Pros y contras

Fútbol o fútbol sala, ¿qué disciplina es mejor para que empiecen a jugar los niños?

Siendo ambas actividades extraescolares recomendables, como lo son todos los deportes, para los niños más pequeños, el fútbol sala se impone en la comparativa por pequeños matices.

Fútbol (Foto: iStock)
Fútbol (Foto: iStock)

El fútbol no es el deporte rey por casualidad en España. Ahí están sus audiencias, lo que mueven sus clubes profesionales masculinos, el crecimiento reciente a nivel mediático de la categoría femenina, y también el número de licencias federadas, que en 2019 superó la barrera del millón según el CDS, de largo la disciplina que más tiene.

Miles de niños, millones incluso, desean jugar al fútbol como actividad extraescolar. Es más, muchos de ellos piensan en el balón buena parte de su tiempo: en el recreo, en el parque y hasta en casa cuando pueden verlo por la televisión. La duda para los padres en todos estos casos no reside en si apuntarles o no generalmente, sino si hacerlo a fútbol sala o a fútbol, entendiendo por este el que se juega al aire libre.

No son pocos los progenitores que se hacen la pregunta del millón: qué disciplina es mejor para empezar. Y la respuesta depende mucho de factores como la edad del niño, pero teniendo en cuenta que la mayoría empiezan en edades muy tempranas, aunque las dos son disciplinas recomendables, parece que el fútbol sala se impone. 

Cómo iniciarse

Muchos expertos apuntan hacia el fútbol sala como la mejor opción, ya que ven con muy buenos ojos el espacio reducido en el que se juega. Esto ayuda a los niños, que tienen que abarcar menos espacio, y también les permite entrar más veces en contacto con la pelota, tanto por las dimensiones de la pista como por el número de compañeros, cinco en total por equipo. En el fútbol no se juega a su modalidad de once jugadores por equipo hasta la edad alevín -niñas y niños de 11 años-, pero ya desde chupetes, a partir de los 3 años, se juega a fútbol 8, o dependiendo de la región, a fútbol 7, en ambos casos más espacio que recorrer y más compañeros por escuadra. 

Estudios como el publicado hace un par de años por la Universidad Pontificia de Salamanca que comparaban ambas modalidades de balompié en grupos de benjamines refrendan estos argumentos en favor del fútsal porque concluye que se toca en este más veces la pelota y con más precisión y calidad. Y estos pases de más concluyen a su vez en jugadas más ricas, que demuestran un dominio superior de conceptos espaciales como la amplitud y la profundidad y también en lo que respecta a la calidad técnica individual de los niños. 

El fútbol sala se impone

Muchos de los futbolistas que jugaron de pequeños al fútbol sala -Ronaldinho o Neymar son dos ejemplos- también opinan parecido, ya que consideran que esta disciplina les ayudó a depurar el dominio de la pelota y también a pensar más rápido porque su dinámica así lo requiere. Al desarrollarse el juego en un espacio reducido apenas hay descanso ni tiempo para elegir la mejor opción, lo cual es un gran entrenamiento. 

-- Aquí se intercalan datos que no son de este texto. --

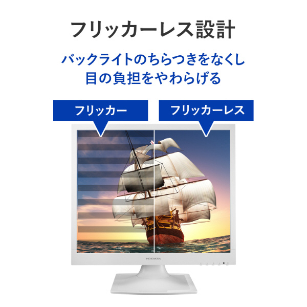 省スペースを有効活用し、長時間の使用でも快適に使用いただけるように設計された19型スクエア液晶ディスプレイです。
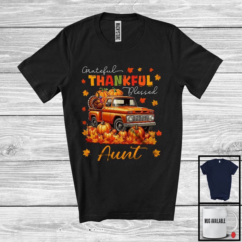 Grateful Thankful Blessed Aunt; Wonderful Thanksgiving Turkey Pumpkin On Pickup Truck; Family T-Shirt
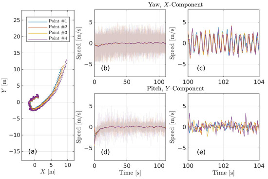 UAV self-stabilization quality control test from land control point tracing: (a) apparent drift of the control points; (b,d) X- and Y-projection of control point velocity (gray lines—frame-by-frame estimate, color lines—4-s time average); and (c,e) velocity fragment showing its high-frequency structure.
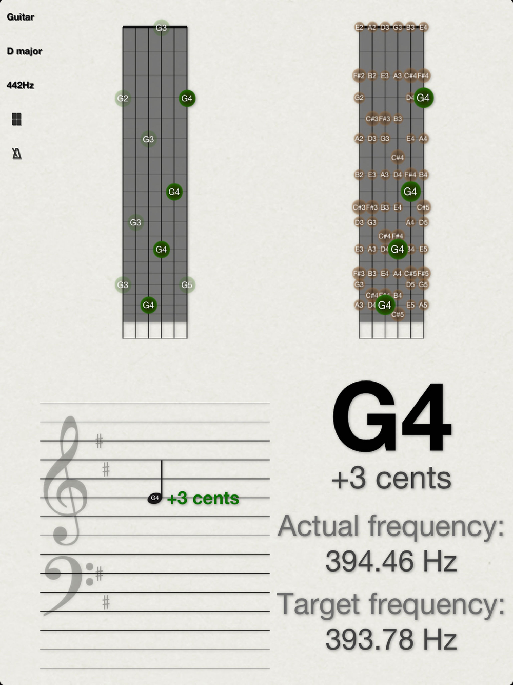 + Circle of fifths and intervals where the last two identified notes are presented in the circle of fifths as well as in the note sheet (with interval size in cents).
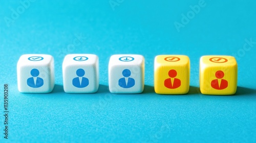© milenialdesastudio, Obraz premium Four dice showing approved and rejected person icons.
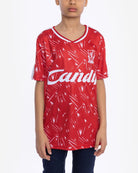 This LFC classic Candy home shirt was worn when Liverpool won the title in the 1989-90 season under manager Kenny Dalglish. Highlights of the season included a 9-0 win over Crystal Palace, with Aldridge scoring his last goal for the club. Legendary players to wear this shirt include Hansen, Barnes, Marsh, Aldridge, Whelan and Nicol. The original features in the LFC Museum. The LFC Retro Junior Candy Home Shirt features: Red home shirt replica with geometric design Raised retro LFC crest and Candy sponsor in white Cross-over crew neck with grey and red detail Red and white seam detail across the shoulders
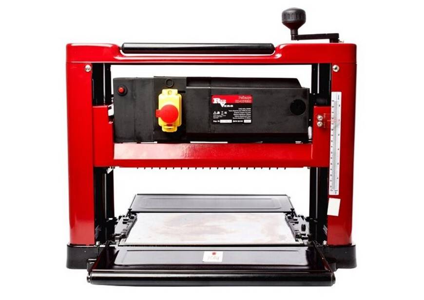 - Независимо от производителя, каждый рейсмусовый станок укомплектован роликом с режущими ножами, крышкой, переключателем подачи и удобным столом.
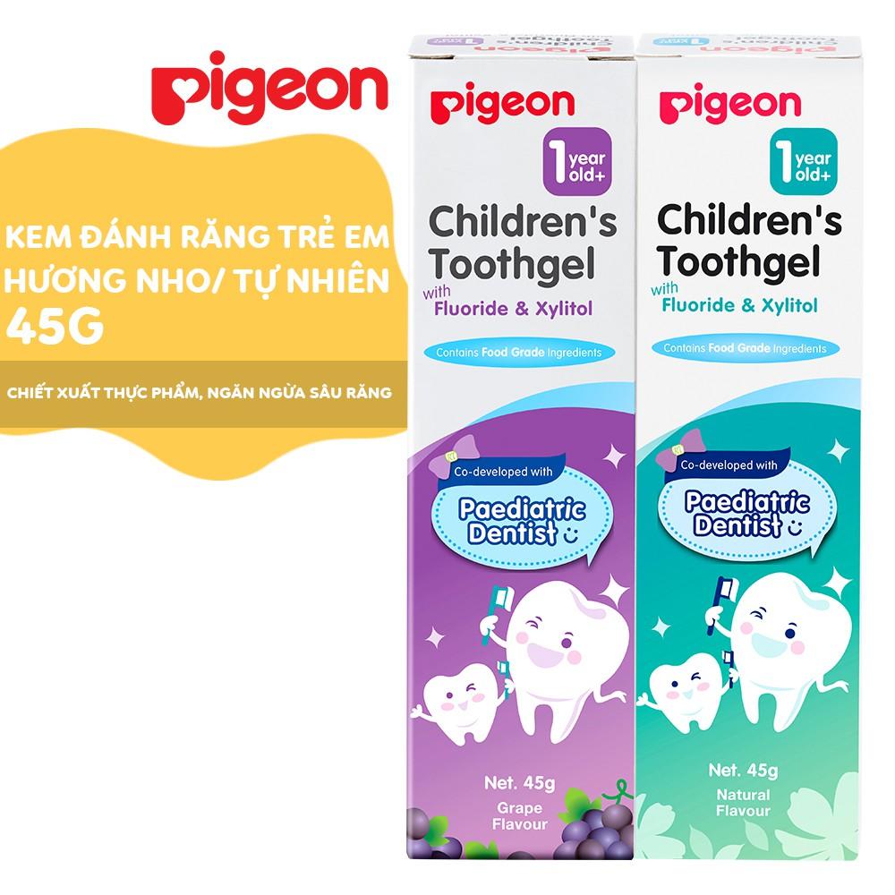 Với thành phần chiết xuất từ thực phẩm, có chứa Xylitol tự nhiên với hàm lượng Flouride thấp, kem đánh răng trẻ em Pigeon hương nho giúp ngăn ngừa sâu răng hiệu quả. Sản phẩm được sản xuất tại Thái Lan, dành cho các bé từ 1 tuổi trở lên.
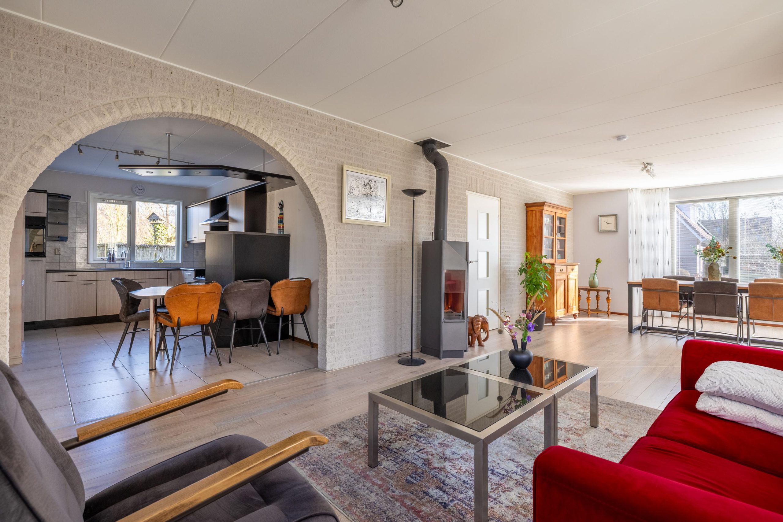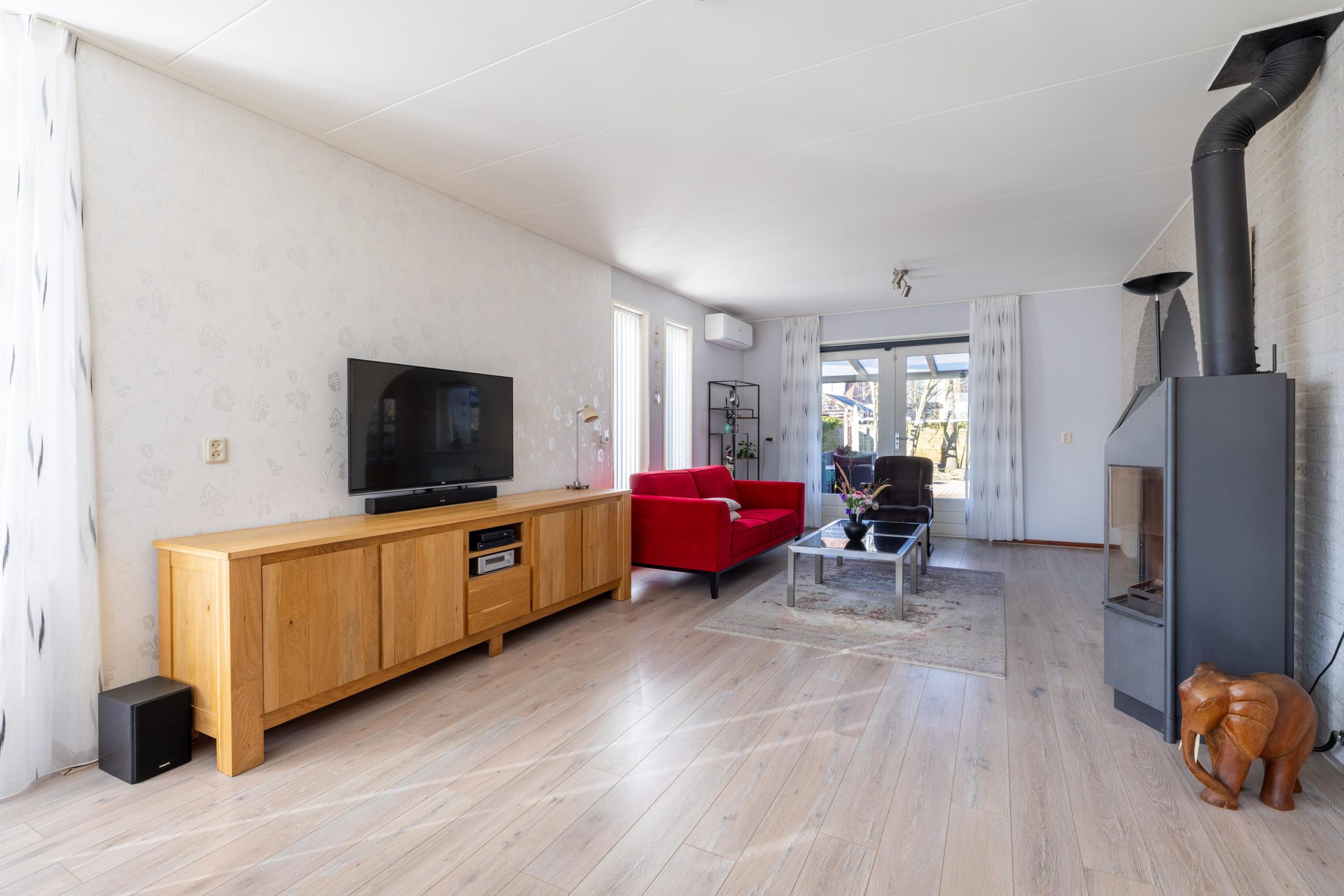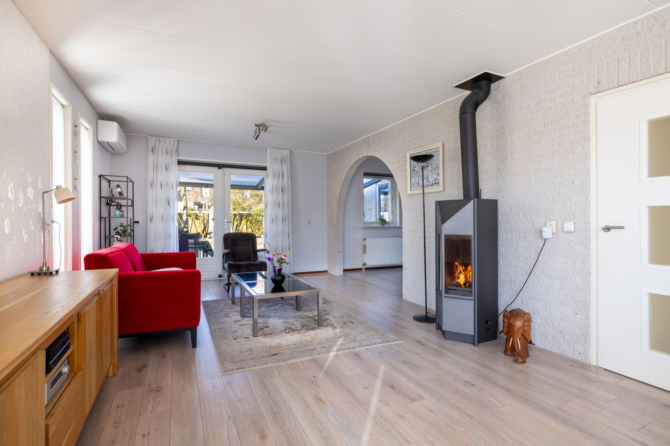 De leefruimte is open ingedeeld en baadt in het natuurlijke licht. De openslaande deuren aan de achterzijde verbinden binnen moeiteloos met buiten. De airco in de woonkamer zorgt voor verkoeling op warme dagen en de moderne gaskachel blijft achter en brengt extra sfeer en warmte in de wintermaanden.
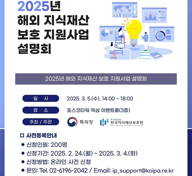 이와 관련해 특허청은 내달 5일 서울 포스코타워역삼에서 올해 해외 지식재산 보호 지원사업 설명회 개최한다.
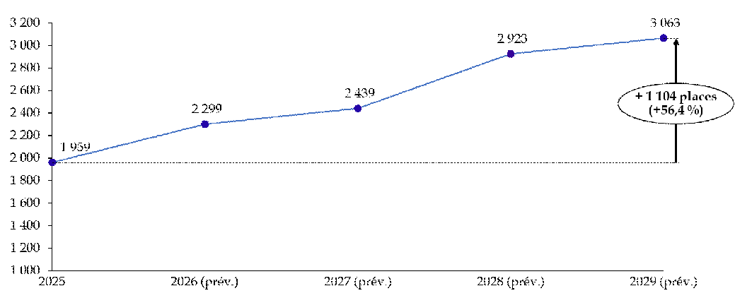 - en 2029 : mise en service du CRA d'Aix-Luynes (140 places), afin de porter le nombre total de places à 3 063.
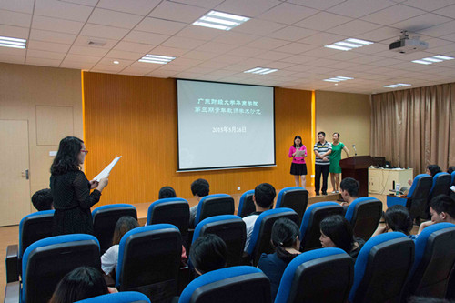 本期沙龙由工商管理系贺嫦珍老师做主题为“营销研究思路解剖—经典论文赏析”的发言,她从营销的研究思路、研究框架、论文的撰写赏析三个方面分享了她的科研心得体会;张丽娟老师则通过对微信传播现象的观察提出了新媒体背景下独立学院品牌形象塑造的营销策略研究课题;钟晶灵老师以自身的研究课题《小微企业活力的研究》为例阐述了经典论文带给自已的启示。
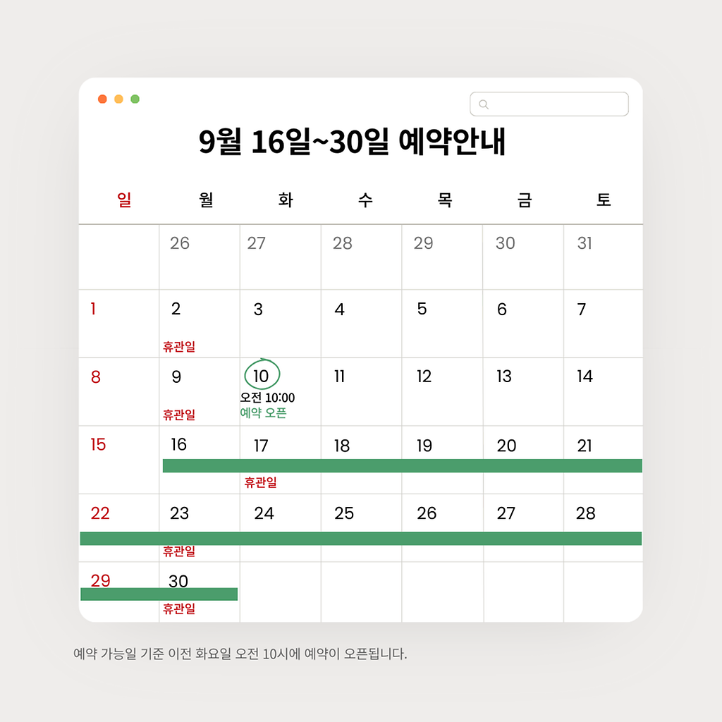 이번 9월 16일~30일 예약은 9월 10일 오전 10시에 오픈됩니다.
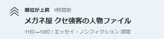 エッセイ・ノンフィクション週間ランキング 11位→10位❗
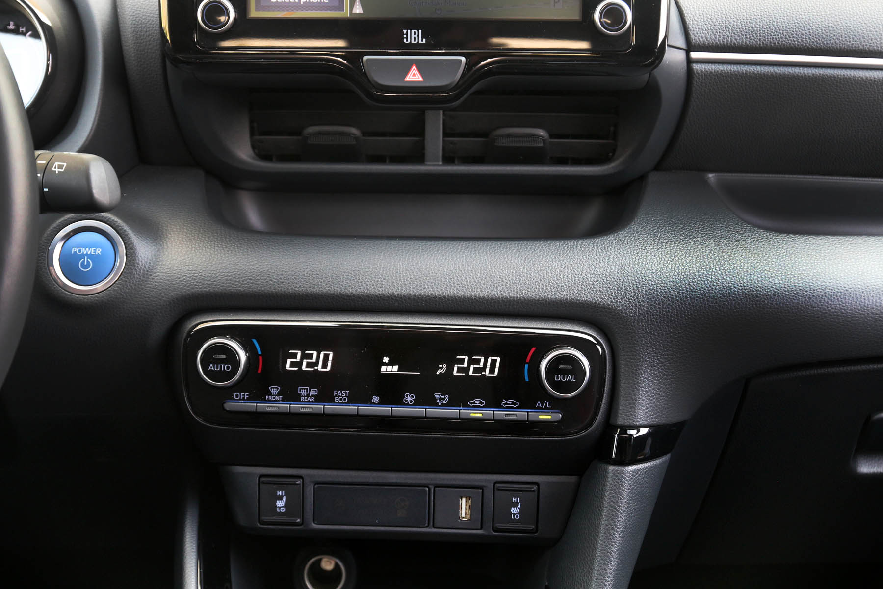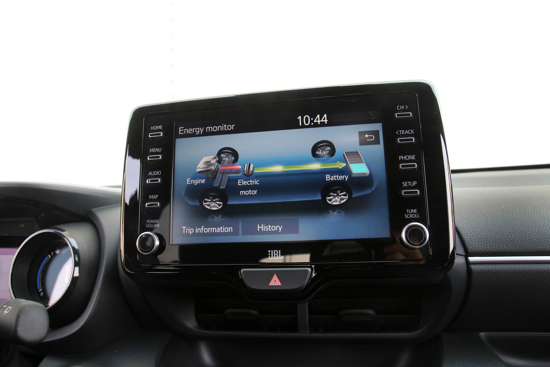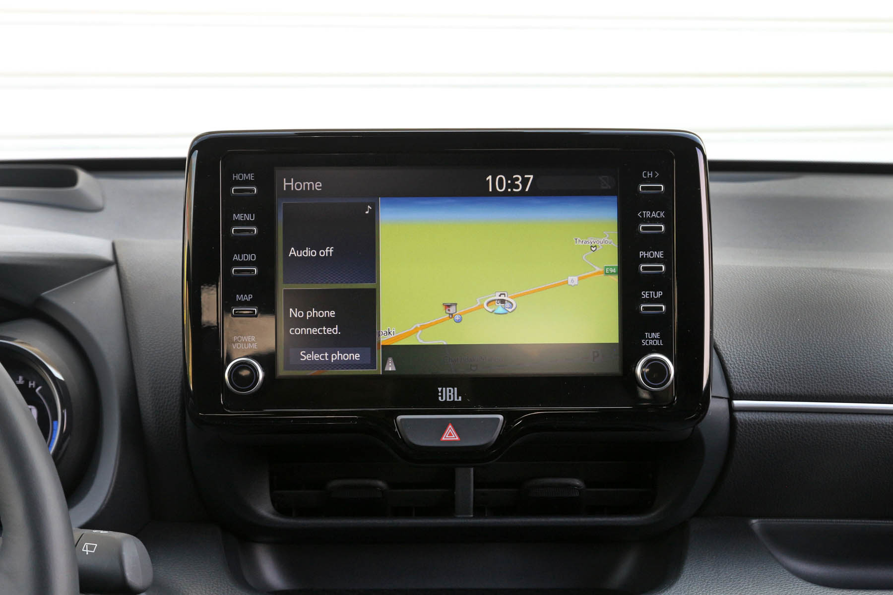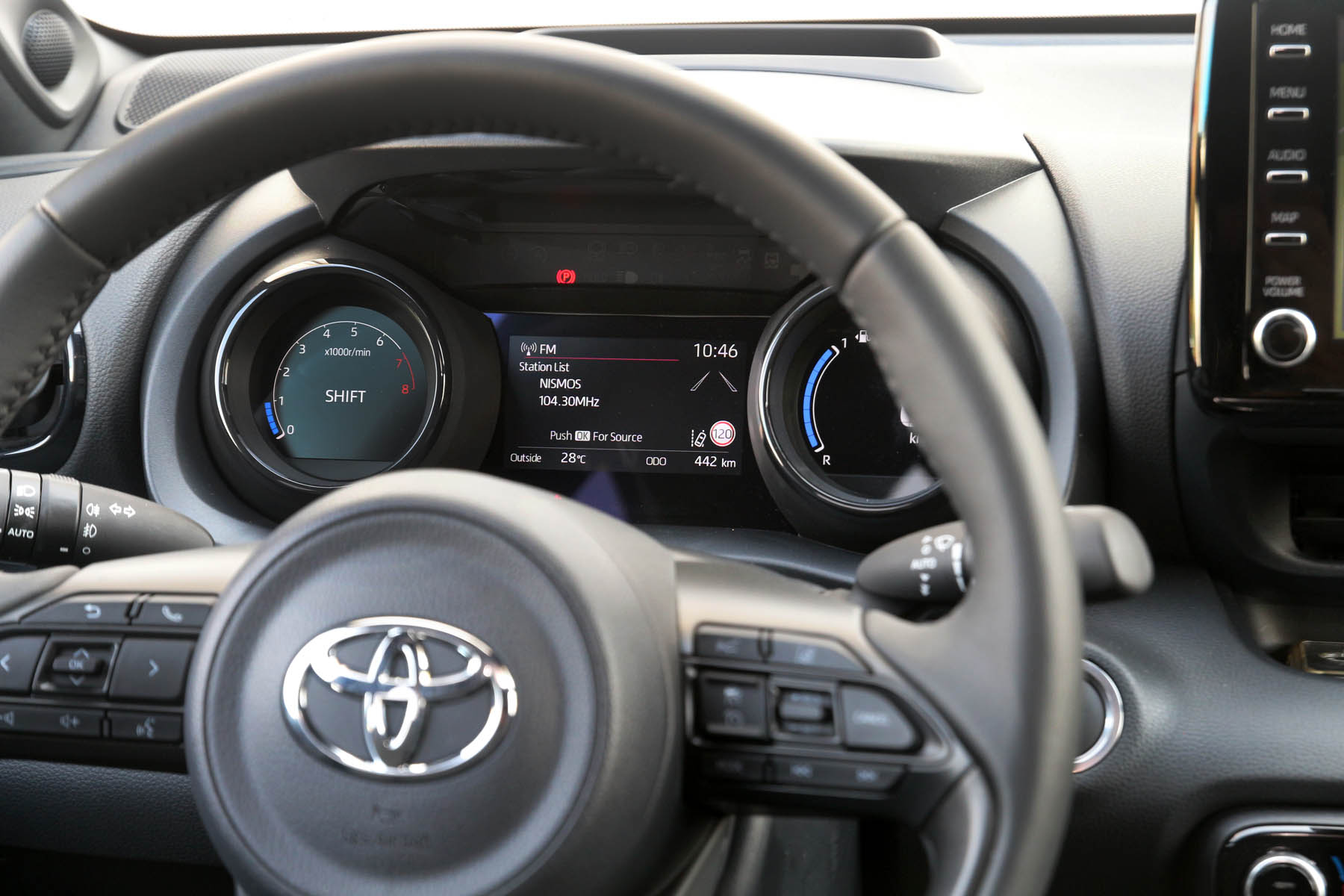 Το ταμπλό ακολουθεί τη νεανική σχεδίαση του απέξω και έχει μοντέρνο ντιζάιν, όπως ο πίνακας οργάνων με τα δύο ανεξάρτητα ψηφιακά όργανα και ανάμεσά τους μια οθόνη πολλαπλών πληροφοριών. Στην μέση του ταμπλό υπάρχει μια «ελεύθερη» οθόνη αφής 7” η οποία πολύ σωστά περιβάλλεται από τους βασικούς διακόπτες. Οι οποίοι θα μπορούσε να είναι κάπως πιο σικ, ενώ και η ποιότητα των γραφικών θα μπορούσε να είναι καλύτερη (στο υβριδικό υπάρχει και το αντίστοιχο μενού πληροφοριών).

Y además, todas las virtudes descritas que desarrollan los niños que juegan al fútbol sala son extrapolables al fútbol 7, 8 y al fútbol 11 si deciden cambiar de disciplina más adelante. 

¡Ah! Y desde el punto de vista de los padres tiene una ventaja más: salvo casos en los que se entrene y juegue en pistas exteriores, es un deporte que se disputa bajo techo, y esto es ideal contra el frío que se pasa en invierno viendo a los peques desde la grada y el calor que se soporta cerca del verano o a comienzo de la temporada. Calor y frío respectivamente que también padecen ellos mientras entrenan y juegan, así que eso que se ahorran si se decantan por el fútbol sala. 

En definitiva, para niños muy pequeños, el fútbol sala se impone como la mejor disciplina de las dos, pero esto no quiere decir que no sea recomendable el fútbol. Simplemente son pequeños matices que decantan la balanza ligeramente por el primero hasta alevines, pero insistimos en puntualizar que cualquiera de las dos es una actividad recomendable porque lo verdaderamente importante en esas edades es que adquieran el hábito saludable para su vida que supone mantenerse activos.